In June, the information that Francois Leotard, the UDF's honorary president, had been charged with corruption over a building contract in the Riviera town of Frejus - where he was mayor - was released as soon as he left the examining magistrate's office. It was just in time for the story to appear on the main evening television news.

In May, the entrepreneur Bernard Tapie resigned after only seven weeks as a minister because he, too, had been called before a magistrate. Once again, details of his indictment were well publicised in advance.

Each time, Michel Vauzelle, the Justice Minister, reminded magistrates of professional ethics, of the absolute need for judicial

secrecy.

In the 1980s, in cases dealing with Middle East terrorists, magistrates leaked details of their investigations in a clear manoeuvre to get public opinion on their side. By so doing, the logic went, they discouraged the state from succumbing to the temptation to free dangerous prisoners to head off new attacks or to protect French interests abroad.

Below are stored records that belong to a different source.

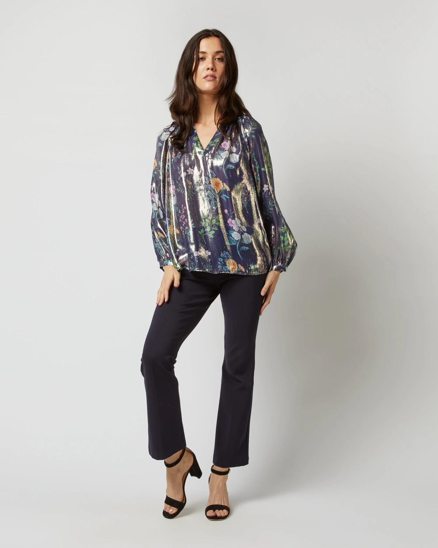 SKU: C2HVC 7392430391482 Category: Shirts & Tops Tags: Holiday 2023 Catalog Drop 1, LineDescr_Womens, NEST Ariana Blouse, WebColor_Navy/Metallic Floral Academy Liberty Fabric Lamé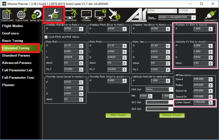 LOIT_BRK_JERK: max change in acceleration in cm/s/s/s while braking. Higher numbers will make the vehicle reach the maximum braking angle more quickly, lower numbers will cause smoother brakingPSC_POSXY_P: (shown as “Position XY (Dist to Speed)” at the top right of the screen shot above) converts the horizontal position error (i.e difference between the desired position and the actual position) to a desired speed towards the target position. It is generally not required to adjust thisPSC_VELXY_P(shown as “Velocity XY (Vel to Accel)”) converts the desired speed towards the target to a desired acceleration. The resulting desired acceleration becomes a lean angle which is then passed to the same angular controller used by Stabilize mode. It is generally not required to adjust this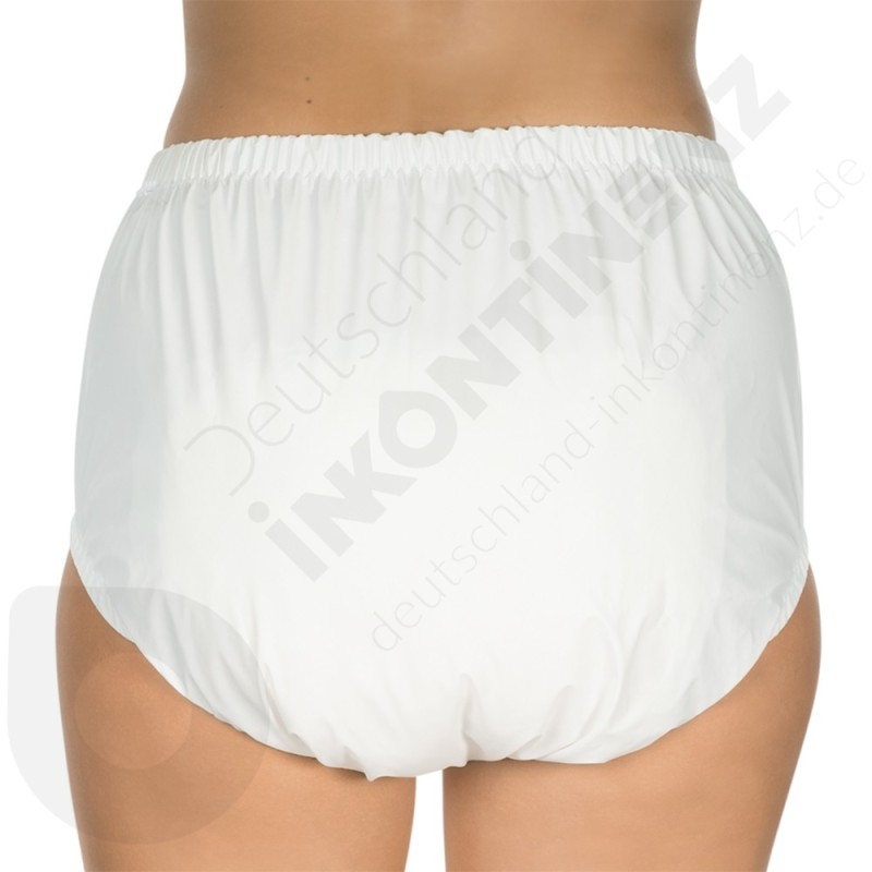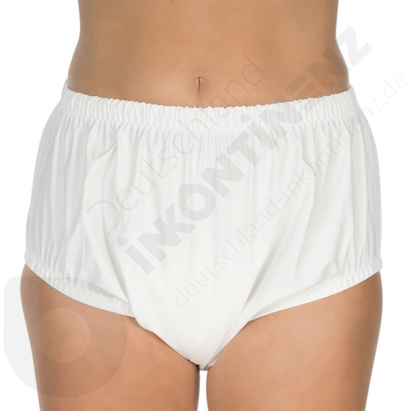 - Bringen Sie die Plastikunterhose über Ihrer üblichen Schutzeinlage (Inkontinenz Pants, Windelhosen, Anatomische Vorlagen...) an;

It had begun to look as though investigators dealing with politicians had adopted a similar tactic. Roland Dumas, the Foreign Minister, was one of France's most prominent lawyers until he went into politics. Saying that 'judicial practices are adrift', he complained 'of too many magistrates who are getting involved in politics and interfering in force'.

Thanks to the most curious of all the recent leaks, however, the tables have been turned and the finger pointed at the government. A memorandum from a judge in the city of Rennes to the local prosecutor complained of pressure on Renaud Van Ruymbeke, the examining magistrate in the Emmanuelli case.

Dominique Bailhache, the president of the 'chambre d'accusation', recalled that the prosecutor had been fully informed of developments in the case. 'Yet, once again, the information we communicated to you and which was passed on to the Keeper of the Seals (the Justice Minister) and the Chancellery has been divulged to the press for reasons which seem evident since the honesty and impartiality of the chambre d'accusation and particularly of Mr Van Ruymbeke . . . are directly in question,' Mr Bailhache wrote.

The original news about Mr Emmanuelli's indictment came on the eve of a Socialist Party congress in Bordeaux. The troops rallied behind him, and a party that had earlier looked almost in retreat found a new unity in its solidarity for a persecuted leader.

The Rennes leak coincided with the end of the hearings in one the most painful trials of modern France, that of four doctors accused of knowingly allowing the distribution of HIV-contaminated blood products to haemophiliacs in 1985. With the verdict not due until 23 October, it is a trial that left all sides dissatisfied.

The prosecutor herself said there could have been 100 people on trial, that the four were chosen for their positions and knowledge at the time. The haemophiliacs were unhappy at the relatively light sentences requested. Only Michel Garretta, the former head of the National Blood Transfusion Centre, is likely to go to prison.

The defendants and the haemophliacs were angry that, even if the ministers in charge were not put on trial, the civil servants and advisers who were the buffers between the public health services and the government should have been. Dr Garretta's lawyer said it was 'a political trial without politicians'.

As the prosecutor in the Aids trial remarked, the question of whether French justice really suffers from government interference is unanswerable. 'Some will never believe that there were no orders and will say that I received the order to say there were no orders. It's never ending,' she told the court.